The three independent Messianic congregations, with a total of maybe 150 members between them, operate in relative obscurity amid the valley's some 80,000 Jews, and most of their members are "gentile" Christians who enjoy the Jewish worship style.

Many are of mixed Christian and Jewish backgrounds, like Hill, but some, like Weinstein and Oppenheim, were raised Jewish. Jews who accept Jesus often go through painful separations for their families.

All three groups, however, make preaching their beliefs to others central to their ministries, the leaders said. They believe that their message should be preached first to the Jews, then to the rest of the world.

Beth Yeshua is affiliated with CJF Ministries in San Antonio (formerly Christian Jew Foundation), which was started in 1948 by a former Orthodox Jew.

CJF is not as "pushy" as the infamous, Baptist-funded Jews for Jesus, group, but they do have the same scope, Hill said. He and his congregants often pass out tracts to students at UNLV, but they do so in a low-key manner.

"If people want to talk, we are willing to talk," Hill said. "If they want to walk on by, that's fine. I believe in freedom of choice."

Jews believe that God will bring them a messiah, Harris-Shapiro said, but they do not believe that the historical Jesus of Nazareth was that messiah because he did not fulfill the prophecies to restore Israel's kingdom and bring about world peace. The Messianic and Christian teachings that the messiah was God in the flesh and that he was one part of a three-natured God is also against Jewish teaching, Harris-Shapiro said.

"There is very little in Judaism that a Christian cannot accept, but you cannot be in the Jewish faith and say Jesus is my messiah and Jesus is my God," Akselrad said. "You've come into another religion.

But Messianic Jews say that accepting Jesus as the promised Jewish messiah is a completion of Judaism and a fulfillment of a spiritual need.

"Whether you are Jewish or gentile you become spiritually complete," Hill said. "You are new person, that's where the term born-again comes from."

The idea that a Jewish persom must lose his Judaism if he accepts the Jewish messiah is laughable to Messianic Jews, Hill, Weinstein and Oppenheim said, but they say its a huge misconception about their faith.

"I think Christianity is at fault for that," Weinstein said. "There are these unwritten rules, that if you believe in Jesus Christ you must become a Christian. But you can remain a Jew if you want to.

"I'm a Jewish guy who believes in the messiah. And that's a stumbling block for some."
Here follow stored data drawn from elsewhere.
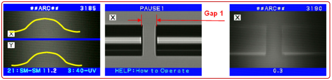 1.測量電弧中心 2.測量光纖端面棱角間隔 3.低功率電弧加熱結束
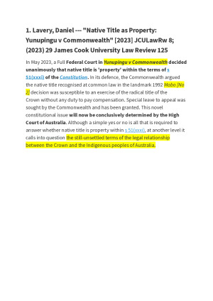 THIS IS NOT THE ESSAY, THIS IS A FULL RESEARCH JOURNALS PACK. The mid-term Research Essay was one of the most demanding assessments in this course – highly academic, logically complex, and conceptually broad. Many students struggled, and some even failed. These materials provide both abstracts and full-text research journals that I used to achieve a High Distinction (88%) in this essay. ✅ Covers Core Themes – pluralist property theory, native title (Yunupingu v Commonwealth 2023 & 2025 HCA), bundle of rights, comparative perspectives (NZ, Canada), and relational conceptions of property  . ✅ Rigorous and Academic – carefully selected journals that are scholarly, credible, and directly relevant to the mid-term question. ✅ Structured for Essay Writing – abstracts highlight the key insights, arguments, and how they fit into different sections of the essay scaffold. ✅ Saves Time & Avoids Pitfalls – helps prevent the common mistakes and misdirected arguments that caused many students to underperform. 💡 Ideal if you want to strengthen your research base, sharpen your arguments, and write with clarity and confidence under strict marking standards.
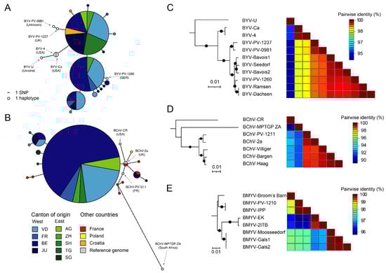 Haplotype data for BYV and BChV, the viruses representing the majority of VY cases in Switzerland, highlighted low variability and close proximity to sequences obtained from Europe in recent years (Figure 5A,B). These results were further supported by phylogenies of complete genomes (Figure 5C,D). Likewise, analyses of the three BMYV genomes indicated high conservation (Figure 5E). It is expected that additional sequences from other countries will help to better characterize the population dynamics of these VY viruses.

Messianic congregations, like the branches of Judaism, differ in their observance of the Tanakh, or Old Testament, laws, such as the specific regulations for keeping Shabbat (the Sabbath) or eating a kosher diet, leaders said.
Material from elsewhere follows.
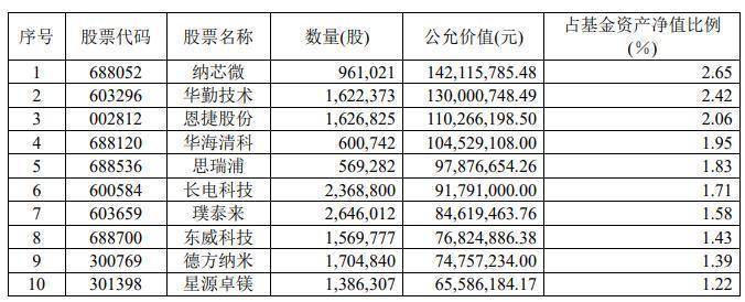 前十大重仓股中,仅华勤技术和华海清科为去年末的留存品种,且均出现明显减持。而去年末,华勤技术曾是该基金第一大重仓股,歌尔股份为第二大重仓股,兆易创新、中际旭创、中微公司等亦位列前十大。

Beth Elohenu is almost orthodox in its observance, Lev HaShem is a little bit more liberal and Beth Yeshua gives its congregants the individual freedom to decide the level of their observance.

Messianic Jews prefer the Jewish festivals over Christian holidays like Christmas and Easter because they see themselves as Jewish, all three men said. They also prefer Stars of David to crosses and reject all icons.

Messianic Jews sometimes run into tension with Christians because of their insistence on maintaining the Jewish customs, the congregational leaders said.

"There are Christian people who feel that once you accept Jesus into your life that it is no longer necessary to have a Jewish identity or observance of Torah," Oppenheim said.

Some Christians also believe that they have replaced Jews as God's chosen people, Hill said, which Messianic Jews disagree with. Jews remain God's chosen people, but God has "grafted" Christians into the same family tree, said Hill, quoting from the Apostle Paul in his letter ot the Romans.

Remembrance of past persecution also can sometimes separate Christians and Messianic Jews, the congressional leaders said. Most Messianic Jews wince at the word "Christ" because so often it was followed by "killer" and directed at them before they accepted Yeshua, said Hill, whose Jewish grandparents emmigrated from Germany in 1931.

Hill's grandparents stopped practicing their faith because of the discrimination in the United States, and he subsequently grew up Episcopalian before rediscovering his Jewish roots after college.